D’après les observations de l’Alliance pour le contrôle du tabac en Afrique (ACTA), « les pauvres fument plus que les personnes à revenus élevés et gaspillent ainsi le peu d’argent qui devrait en principe être affecté à la nourriture et l’éducation. De ce fait, le tabac hypothèque le développement du pays ». En effet soutient Dr Flore Ndembiyembe, présidente de la Coalition contre le tabac au Cameroun (C3T), de nombreuses études ont montré que dans les pays à faible revenu, les ménages les plus pauvres consacrent plus de 10% de leurs dépenses au tabac.
 

Le Dr Flore Ndembiyembe, présidente
de la Coalition contre le tabac au Cameroun

Au niveau mondial, l’Organisation mondiale de la santé (OMS) estime que 61% de l’usage quotidien du tabac influence économiquement la population active qui se situe dans la tranche d’âge de 15-59. Au Cameroun, les dépenses de cigarette représentent en moyenne la moitié des dépenses alimentaires, selon C3T. De ce fait, « le tabac conduit à la malnutrition des populations, à la mort prématurée, à la hausse des dépenses sanitaires, à la déstabilisation des ménages… », déplore Dr Ndembiyembe qui appelle à l’action : « l’heure est venue pour nous de prendre en main nos responsabilités, de protéger et de dissuader la nouvelle génération de fumer en rendant le coût d’achat du tabac élevé ». En effet, dans les rangs des acteurs de la lutte contre le tabagisme, l’on est convaincu que l’augmentation des taxes sur le tabac et les produits de tabac est le moyen le plus efficace pour prévenir ou tout au moins réduire le tabagisme chez les jeunes et les plus démunis.

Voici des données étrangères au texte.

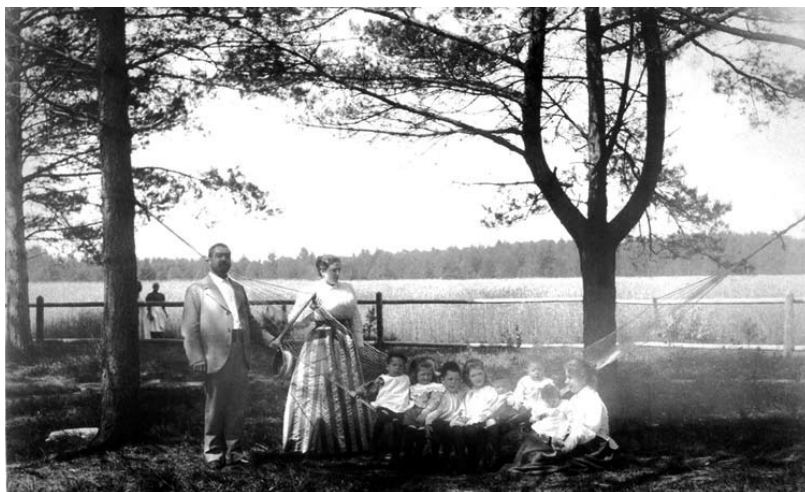
Дачники. Конец XIX века.

Заметьте, я рассказываю о мощных каменных церквях, построенных на рубеже XVIII — XIX веков. Такую кладку трудно разрушить, вот и использовали оскверненные церкви под склады, клубы, школы, госпитали, госучреждения и прочее и прочее... Они ветшали, разрушались, оседали сторбленными стари-

Et par conséquent sauver des vies.

Taxé à 75% comme tout produit toxique

Et comment? Des prix élevés du tabac explique Dr Flore Ndembiyembe, incitent les fumeurs habituels à arrêter de fumer ; empêchent l’existence de potentiels consommateurs du tabac ; réduisent la quantité de tabac consommé par les fumeurs habituels. Comme pour donner raison à cette affirmation, un fumeur soutient avoir moins fumé lorsqu’il se trouvait en déplacement en France où le paquet de cigarette acheté au Cameroun à 1000Fcfa coûtait 4800Fcfa. Soit une marge de 3800Fcfa.

Afin de rendre cette vision réelle, la C3T avec le soutien d’un expert en taxation de l’Alliance pour le contrôle du tabac en Afrique, organise à Yaoundé, un atelier « pour permettre à ses membres de maîtriser les mécanismes de la taxation, les principales personnes qui peuvent intervenir dans l’atteinte de ces résultats pour enfin mettre en place un plan d’action dans le but d’arriver à une augmentation de cette taxation dans notre pays », justifie Dr Ndembiyembe. Il faut dire que selon une étude de l’OMS, lorsqu’on augmente les taxes de 10%, la consommation est réduite d’au moins 8%, soit 17,9 millions de personnes dans les pays à faible et à moyen revenu. « Donc c’est vraiment un levier important qu’il faut actionner dans la lutte contre le tabac », souligne Dr Ndembiyembe.

Loin d’être un aveu d’échec dans la tentative d’amener les fumeurs à ne plus consommer le tabac, ce plaidoyer est perçu comme une mesure complémentaire dans la lutte contre le tabac. Dans la mesure où elle viendrait en accompagnement à d’autres telles : la création d’espace non fumeurs, la mise sur les paquets des mises en garde sanitaires, de l’interdiction de fumer dans les lieux publics… En attendant une loi nationale sur le tabac dont le projet se trouve actuellement sur la table du premier ministre. L’augmentation de cette taxe d’accise devrait concerner tous les produits du tabac commercialisés. Toutefois, au-delà, la coalition pense que la cigarette et le tabac doivent être considérés comme un produit toxique, du poison et taxé à 75% comme le prévoit les dispositions légales en la matière.